WHAT THIS TASK INVOLVES:
Look below for the line with "Die Zusammenführung von" and the line with "Freedom Homeland) |". Copy exactly those two lines and every line between, but not the pictures.

DATA EXTRACTS:

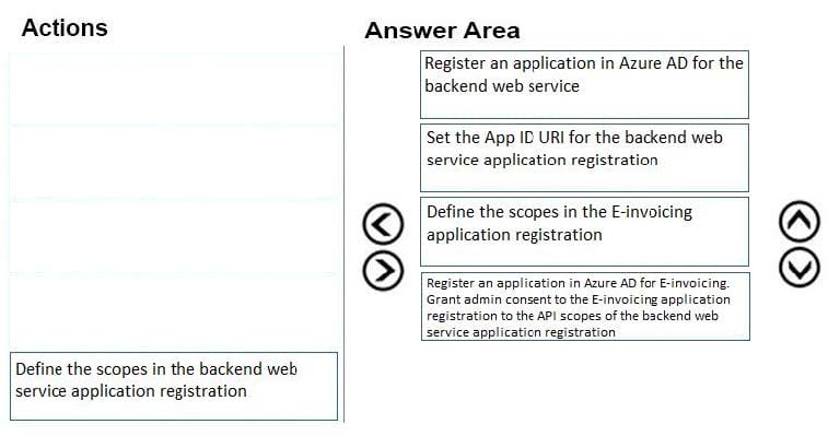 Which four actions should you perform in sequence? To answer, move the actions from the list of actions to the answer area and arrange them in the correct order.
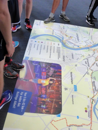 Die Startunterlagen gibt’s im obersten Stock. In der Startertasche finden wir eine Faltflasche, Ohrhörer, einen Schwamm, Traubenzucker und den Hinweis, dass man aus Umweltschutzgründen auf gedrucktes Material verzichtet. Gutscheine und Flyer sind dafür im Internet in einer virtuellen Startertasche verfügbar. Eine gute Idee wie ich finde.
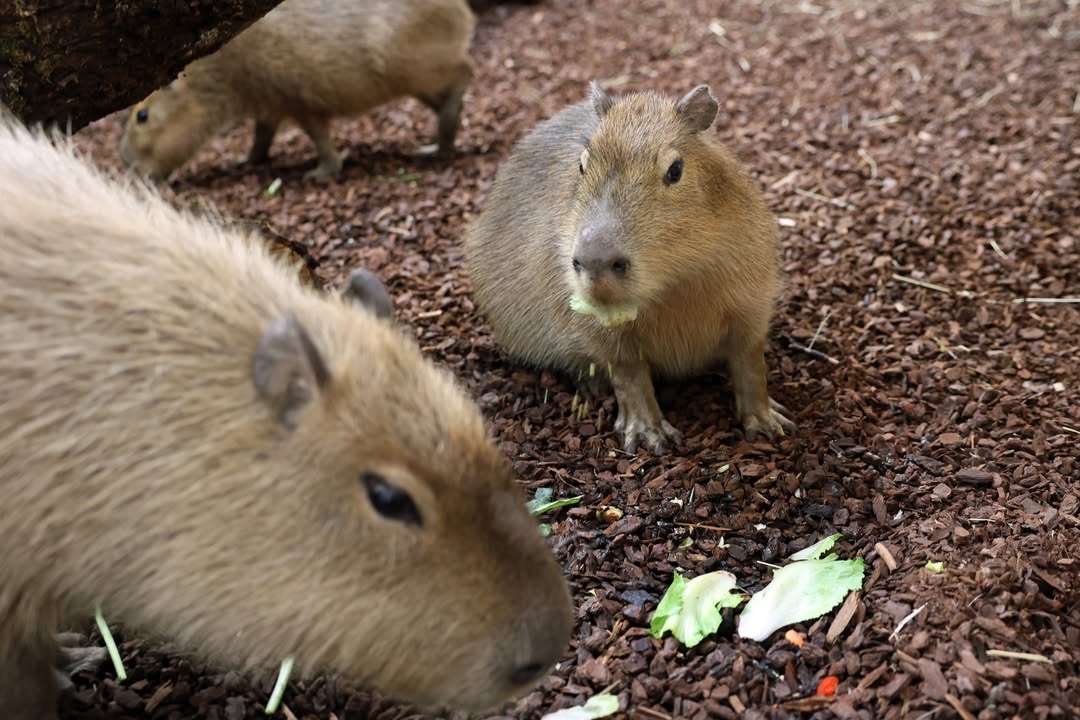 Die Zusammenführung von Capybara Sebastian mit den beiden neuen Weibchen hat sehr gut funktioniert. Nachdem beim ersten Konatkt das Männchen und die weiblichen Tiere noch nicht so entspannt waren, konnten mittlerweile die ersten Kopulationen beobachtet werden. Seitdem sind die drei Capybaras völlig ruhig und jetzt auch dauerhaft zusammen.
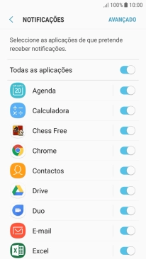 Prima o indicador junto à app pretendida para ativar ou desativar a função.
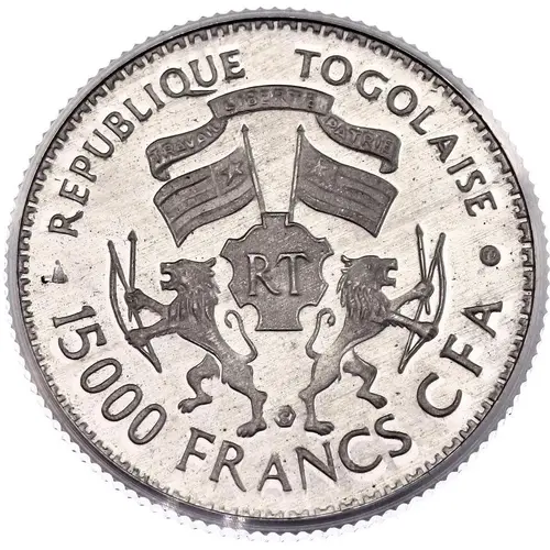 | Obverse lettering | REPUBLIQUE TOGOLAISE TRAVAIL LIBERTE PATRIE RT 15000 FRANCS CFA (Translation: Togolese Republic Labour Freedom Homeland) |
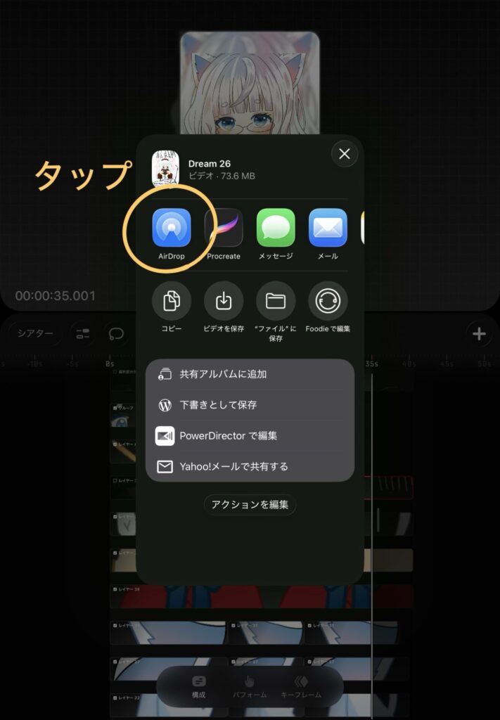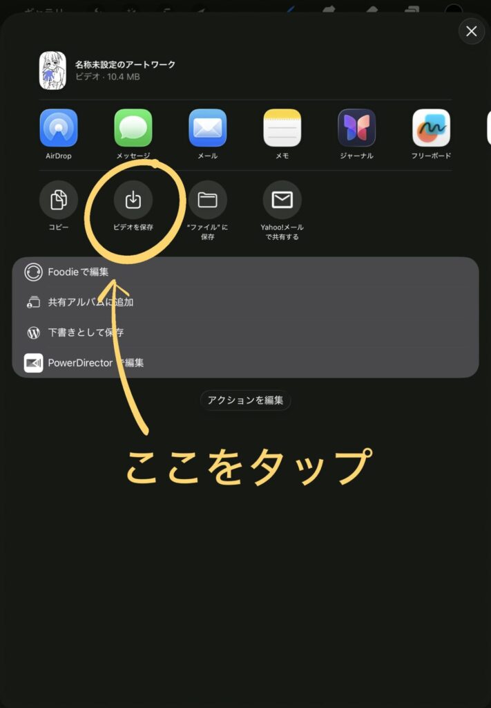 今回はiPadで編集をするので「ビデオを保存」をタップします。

EXERCISE OUTPUT:
 Die Zusammenführung von Capybara Sebastian mit den beiden neuen Weibchen hat sehr gut funktioniert. Nachdem beim ersten Konatkt das Männchen und die weiblichen Tiere noch nicht so entspannt waren, konnten mittlerweile die ersten Kopulationen beobachtet werden. Seitdem sind die drei Capybaras völlig ruhig und jetzt auch dauerhaft zusammen.
 Prima o indicador junto à app pretendida para ativar ou desativar a função.
 | Obverse lettering | REPUBLIQUE TOGOLAISE TRAVAIL LIBERTE PATRIE RT 15000 FRANCS CFA (Translation: Togolese Republic Labour Freedom Homeland) |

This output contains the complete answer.